そう自身の心に念じ、クソ真面目な態度で、ブラシを使って掃除を続けた。
「じゃ、これなんかどう?」
夏芽先輩の気配が背後から消えた。
そんな気がする。
床を見ながら掃除をしていたことで、周辺で何が起きているか不明だが、何となく、先輩がどこかへ移動したような感じがしたのだ。
「これなら、ちゃんと見える感じ?」
先輩の気配を前から感じた。
嫌な予感がするが、掃除を続けるために、一度正面を見やると、そこには水着姿の先輩がいたのだ。

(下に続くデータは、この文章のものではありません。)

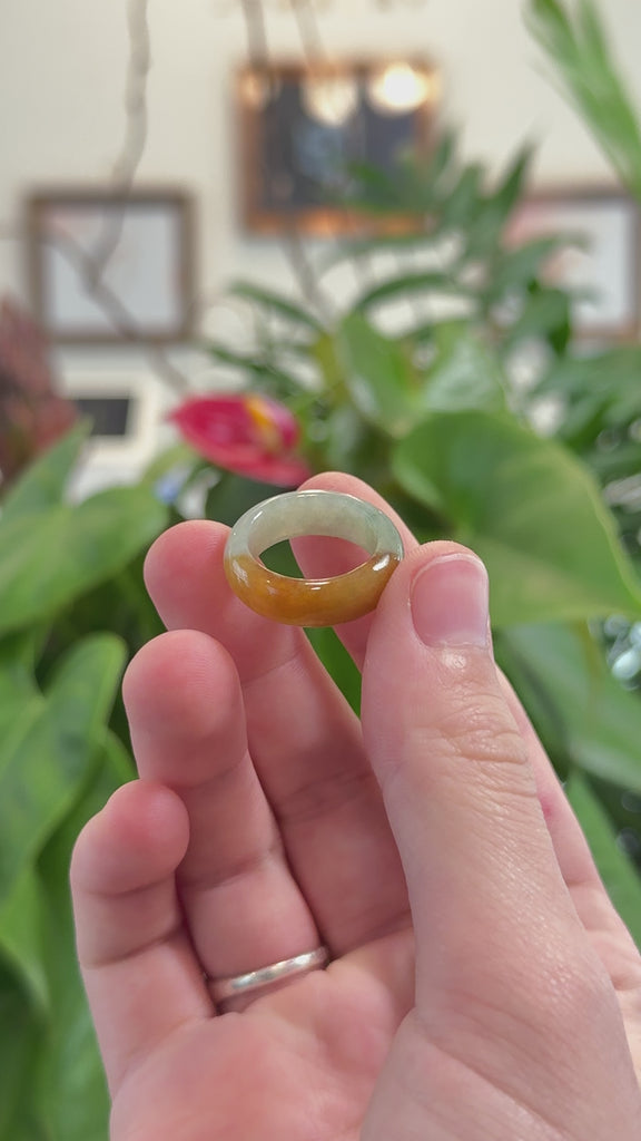 * DETAILS--- This ring is crafted from genuine multi color Burmese jadeite jade, showcasing a smooth ice texture with rich green and brown sugar patch. Its classic half-round design gives it the sleek look of a jade bangle for your finger, while natural brown sugar-like patches add to its unique beauty. A timeless and meaningful gift for both men and women.

この前の休日見た紐付きの水着……ではなかったのである。
それはマイクロビキニと呼ばれるもので、ほぼ全裸に近いスタイル。
大事な部分だけは、ギリギリ見えない感じではあるが、まじまじと見たら、見えてしまうかもしれないレベルだ。
夏芽先輩のスタイルの良さが際立ち、グラビア顔負けの美少女が、そこに佇んでいるかのよう。
「――ッ⁉」
浩紀は絶句した。
あまりの衝撃的なスタイルに声を失ったのである。
まさか、この前の紐付き水着だと思っていたからこそ、その衝撃具合が半端なものではなかった。
やはり、夏芽先輩のおっぱいは凄い。
それしか考えられなかった。
浩紀は気まずくなり。そして、俯き、頬を紅潮させるのである。